Likewise, if you’re asked a “silly question,” don’t make the asker feel stupid (note: restraint may be required.) Doing so may turn off very smart questions in the future. People need to believe that the payoff for being brave is worth it.

Research has found that the time period between someone identifying an issue and raising it is a strong predictor of top performing teams. Psychological safety defines that time gap.

Leading from the inside out

Until a leader is secure in themselves, fear will be their main advisor and they will fail to make others feel safe around them. Examples of such leaders abound. However, working with people of all levels has taught me that the only thing needed to build leadership impact is having the courage to act as one – no matter the title.

Courage and psychological integrity constitute a virtuous circle. In the words of Edmondson, they are “two sides of the same coin”. So whatever your situation, take it upon yourself to make others feel comfortable being brave around you.

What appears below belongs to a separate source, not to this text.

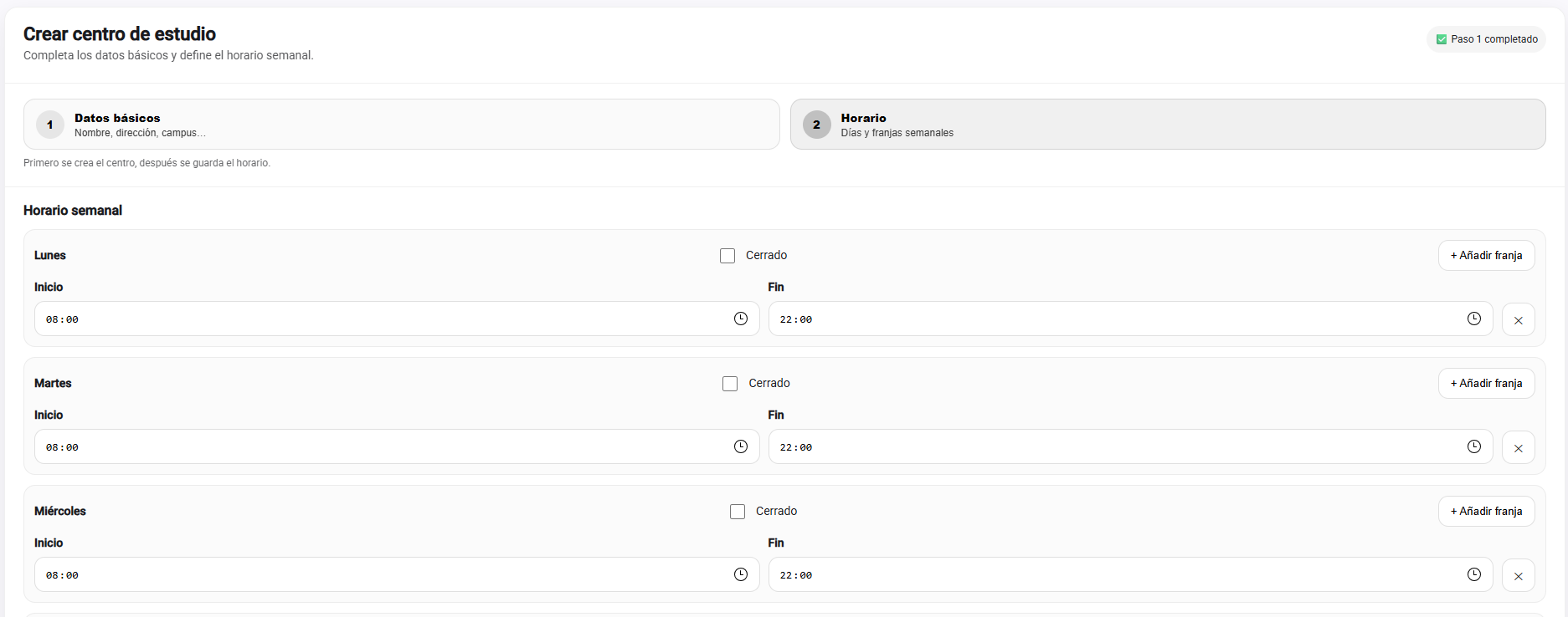 - Horario: por días, y franjas cada día. opción de abierto/cerrado

In every field, we need leaders who have the courage to put their vulnerabilities on the line for a worthy cause. No matter your title, you can choose to step up and be one of those leaders – displaying courage and humble curiosity that you’d like to see more of in others, especially those in the highest positions of power.

You could argue that leading change is not your job. It is very risky and not worth it. However, every time you rise above the urge to play it safe and actively choose to step up to the plate, you’re not only strengthening yourself, you’re emboldening others… spreading courage, minimizing stakes, expanding possibilities and improving outcomes.

This is what I call real leadership.

Dr. Margie Warrell is a global expert in courageous leadership. As a Senior Partner in Korn Ferry Leadership Consulting, they help organizations transform into “Cultures of Courage” that unlock talent and accelerate transformational change. Listen to Her interview with Amy Edmondson is here.